## [Stored dataset items]
BEGIN

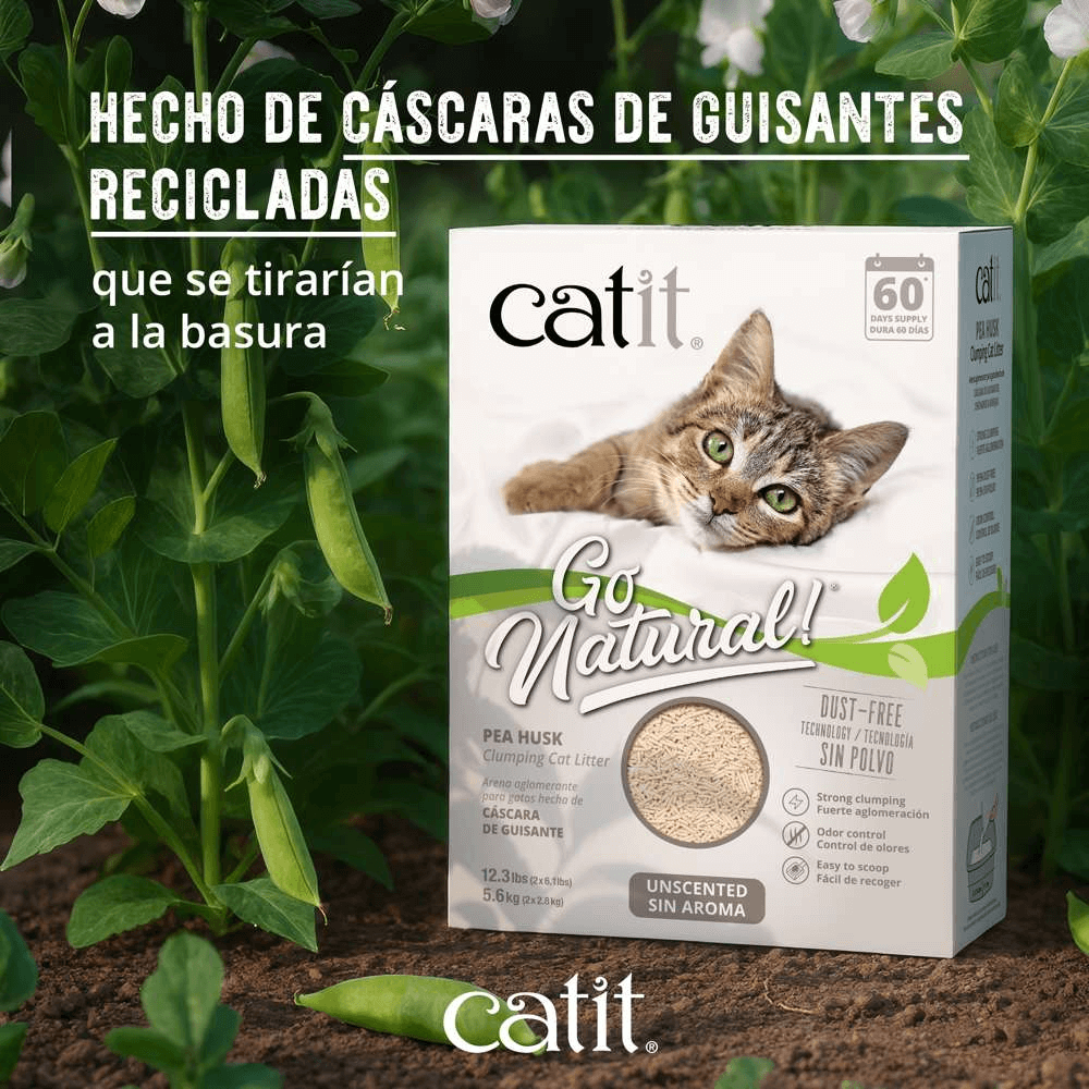 Catit Go Natural es una nueva gama de arenas para gatos ecológicas hechas a base de recursos sostenibles. De hecho, a diferencia de muchas arenas minerales, las vegetales son una opción más segura para los gatos y totalmente respetuosa con el planeta. ¡Al fin, tu gato puede “hacer sus cosas” como lo haría en la naturaleza! Este producto es la variante Sin Aroma, ideal para gatos y dueños sensibles a los perfumes. La Arena Catit Cáscara Guisante es una opción superior.
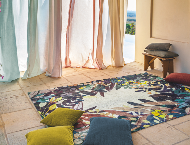 A Christian Fischbacher gyár Estival szőnyegcsaládja a mexikói naiv művészet és kultúra hangulatát idézi, kézzel festett akvarell virágok és vidám levelek díszítik ezt a jacquard alapra szőtt, nyomott mintás poliészter szőnyeget.
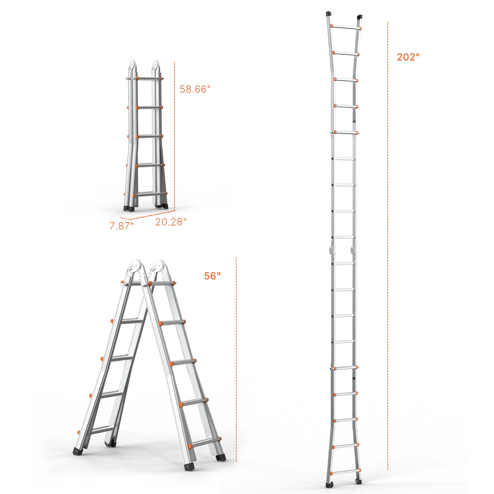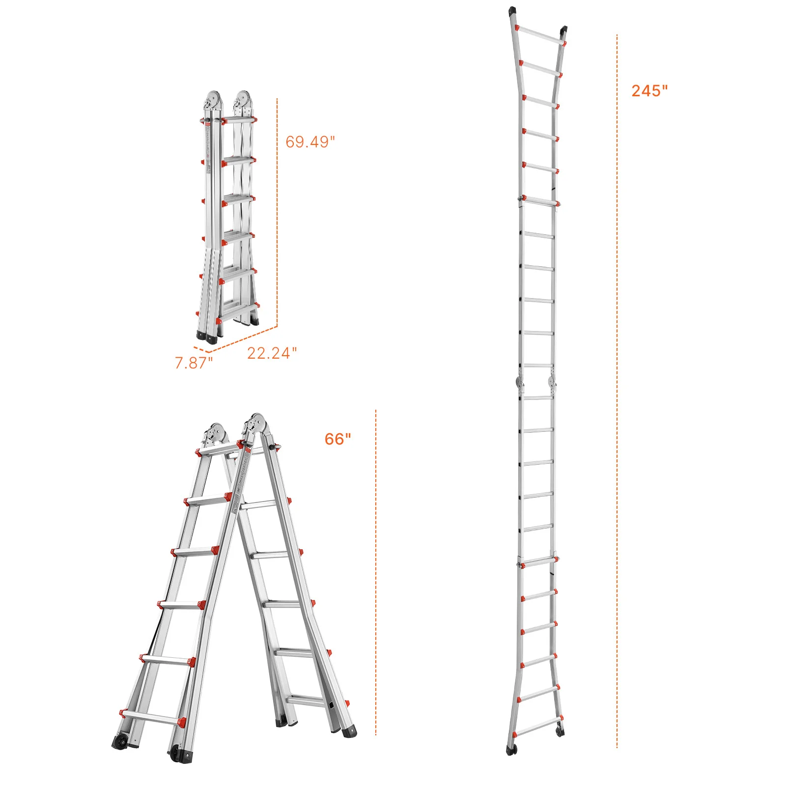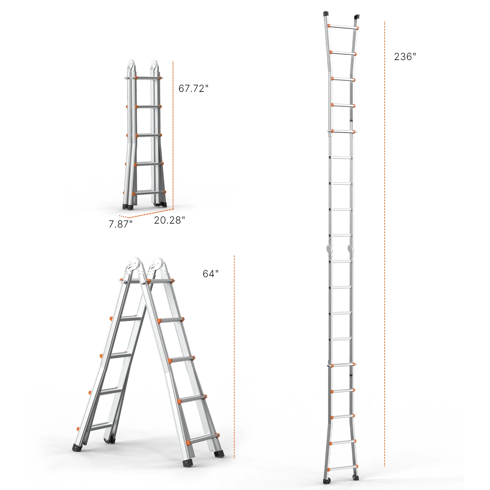Atteignez de nouveaux sommets en toute confiance! Cette échelle d'extension polyvalente à cadre en A peut être étendue et contractée en plusieurs configurations pour répondre à diverses exigences de hauteur, ce qui la rend adaptée à différents scénarios.Ses pieds inclinés vers l'extérieur offrent une stabilité et une adhérence améliorées, ne nécessitant aucun assemblage. Fabriquée en alliage d'aluminium de haute qualité, cette échelle légère et portable offre une excellente capacité de poids et durabilité, assurant votre sécurité pendant l'utilisation. quipée de pieds antidérapants, cette échelle reste stable sur diverses surfaces, offrant une protection à votre revêtement de sol tout en empêchant les glissements, même lorsqu'elle est utilisée en solo. Cette échelle d'extension multifonctionnelle à cadre en A présente une conception de charnière unique qui permet une commutation facile entre trois angles : 35, 107, et 180, répondant à différentes exigences de hauteur. Conçue avec un mécanisme de piste coulissante, cette échelle s'étend et se rétracte sans effort, permettant des réglages rapides sans avoir besoin de démontage ou de montage, vous permettant ainsi d'économiser du temps et de l'énergie. Caractéristiques et détails chelle sécurisée à cadre en A : conçue avec une structure à cadre en A pour une stabilité améliorée, cette échelle d'extension supporte une capacité de poids allant jusqu'à 330 lb.Il ne nécessite aucun assemblage, ce qui permet une utilisation immédiate, et sa conception antidérapante assure une tranquillité d'esprit lorsque vous travaillez en hauteur. Facile à déplacer : la base est dotée de deux roues, ce qui la rend facile à transporter d'une seule main, résolvant ainsi les tracas liés au levage des échelles traditionnelles et rendant votre expérience plus agréable. chelle polyvalente : cette échelle télescopique à cadre s'adapte à divers besoins, passant facilement entre différentes configurations.Avec pieds extensibles pouvant atteindre 180 et une hauteur maximale de 9,5 pieds / 2880 mm, il est parfait pour l'entretien ou le nettoyage du grenier. Sûr et stable : chaque marche comprend un mécanisme de verrouillage pour maintenir l'échelle stable pendant l'utilisation, empêchant tout glissement ou pliage pour une montée en toute sécurité.Le déverrouillage est simple en tirant, garantissant une facilité d'utilisation. Robuste et durable : fabriquée en alliage d'aluminium à haute résistance, cette échelle à cadre est conçue pour durer sans se plier ni se casser, même lorsqu'elle est utilisée en hauteur. Le fond est équipé de patins antidérapants pour plus de sécurité.
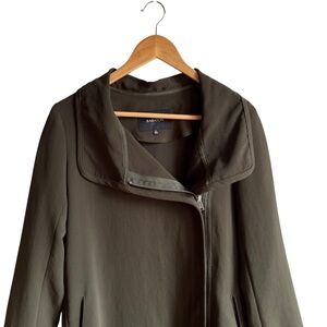 Aritzia Babaton Cormac Coat XS Olive Green Waterfall Drape Asymmetrical Zip
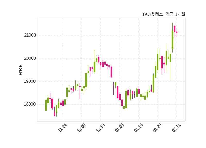한편, 티케이지휴켐스는 장 마감 이후 해당 기업공시를 발표했으며 오늘 종가가 21,100원, 거래량은 64,260주로, 직전 거래일 대비 50원(-0.24%) 하락했다.
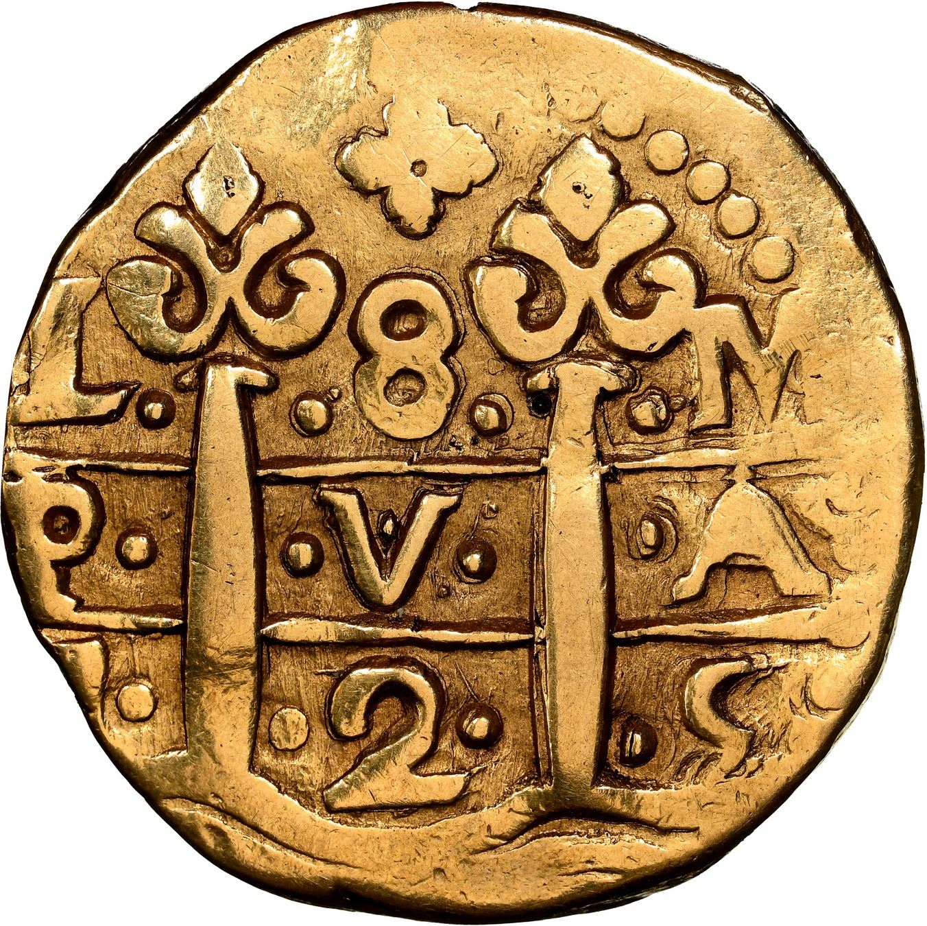 Lima, Peru, gold cob 8 escudos, 1725 M, (Louis I), rare, NGC XF details / removed from jewelry.

END

## [EXERCISE DESCRIPTION]
Repeat the entries exactly, without pictures.

## [SOLUTION TO THIS PROBLEM]
 Catit Go Natural es una nueva gama de arenas para gatos ecológicas hechas a base de recursos sostenibles. De hecho, a diferencia de muchas arenas minerales, las vegetales son una opción más segura para los gatos y totalmente respetuosa con el planeta. ¡Al fin, tu gato puede “hacer sus cosas” como lo haría en la naturaleza! Este producto es la variante Sin Aroma, ideal para gatos y dueños sensibles a los perfumes. La Arena Catit Cáscara Guisante es una opción superior.
 A Christian Fischbacher gyár Estival szőnyegcsaládja a mexikói naiv művészet és kultúra hangulatát idézi, kézzel festett akvarell virágok és vidám levelek díszítik ezt a jacquard alapra szőtt, nyomott mintás poliészter szőnyeget.
Atteignez de nouveaux sommets en toute confiance! Cette échelle d'extension polyvalente à cadre en A peut être étendue et contractée en plusieurs configurations pour répondre à diverses exigences de hauteur, ce qui la rend adaptée à différents scénarios.Ses pieds inclinés vers l'extérieur offrent une stabilité et une adhérence améliorées, ne nécessitant aucun assemblage. Fabriquée en alliage d'aluminium de haute qualité, cette échelle légère et portable offre une excellente capacité de poids et durabilité, assurant votre sécurité pendant l'utilisation. quipée de pieds antidérapants, cette échelle reste stable sur diverses surfaces, offrant une protection à votre revêtement de sol tout en empêchant les glissements, même lorsqu'elle est utilisée en solo. Cette échelle d'extension multifonctionnelle à cadre en A présente une conception de charnière unique qui permet une commutation facile entre trois angles : 35, 107, et 180, répondant à différentes exigences de hauteur. Conçue avec un mécanisme de piste coulissante, cette échelle s'étend et se rétracte sans effort, permettant des réglages rapides sans avoir besoin de démontage ou de montage, vous permettant ainsi d'économiser du temps et de l'énergie. Caractéristiques et détails chelle sécurisée à cadre en A : conçue avec une structure à cadre en A pour une stabilité améliorée, cette échelle d'extension supporte une capacité de poids allant jusqu'à 330 lb.Il ne nécessite aucun assemblage, ce qui permet une utilisation immédiate, et sa conception antidérapante assure une tranquillité d'esprit lorsque vous travaillez en hauteur. Facile à déplacer : la base est dotée de deux roues, ce qui la rend facile à transporter d'une seule main, résolvant ainsi les tracas liés au levage des échelles traditionnelles et rendant votre expérience plus agréable. chelle polyvalente : cette échelle télescopique à cadre s'adapte à divers besoins, passant facilement entre différentes configurations.Avec pieds extensibles pouvant atteindre 180 et une hauteur maximale de 9,5 pieds / 2880 mm, il est parfait pour l'entretien ou le nettoyage du grenier. Sûr et stable : chaque marche comprend un mécanisme de verrouillage pour maintenir l'échelle stable pendant l'utilisation, empêchant tout glissement ou pliage pour une montée en toute sécurité.Le déverrouillage est simple en tirant, garantissant une facilité d'utilisation. Robuste et durable : fabriquée en alliage d'aluminium à haute résistance, cette échelle à cadre est conçue pour durer sans se plier ni se casser, même lorsqu'elle est utilisée en hauteur. Le fond est équipé de patins antidérapants pour plus de sécurité.
 Aritzia Babaton Cormac Coat XS Olive Green Waterfall Drape Asymmetrical Zip
한편, 티케이지휴켐스는 장 마감 이후 해당 기업공시를 발표했으며 오늘 종가가 21,100원, 거래량은 64,260주로, 직전 거래일 대비 50원(-0.24%) 하락했다.
 Lima, Peru, gold cob 8 escudos, 1725 M, (Louis I), rare, NGC XF details / removed from jewelry.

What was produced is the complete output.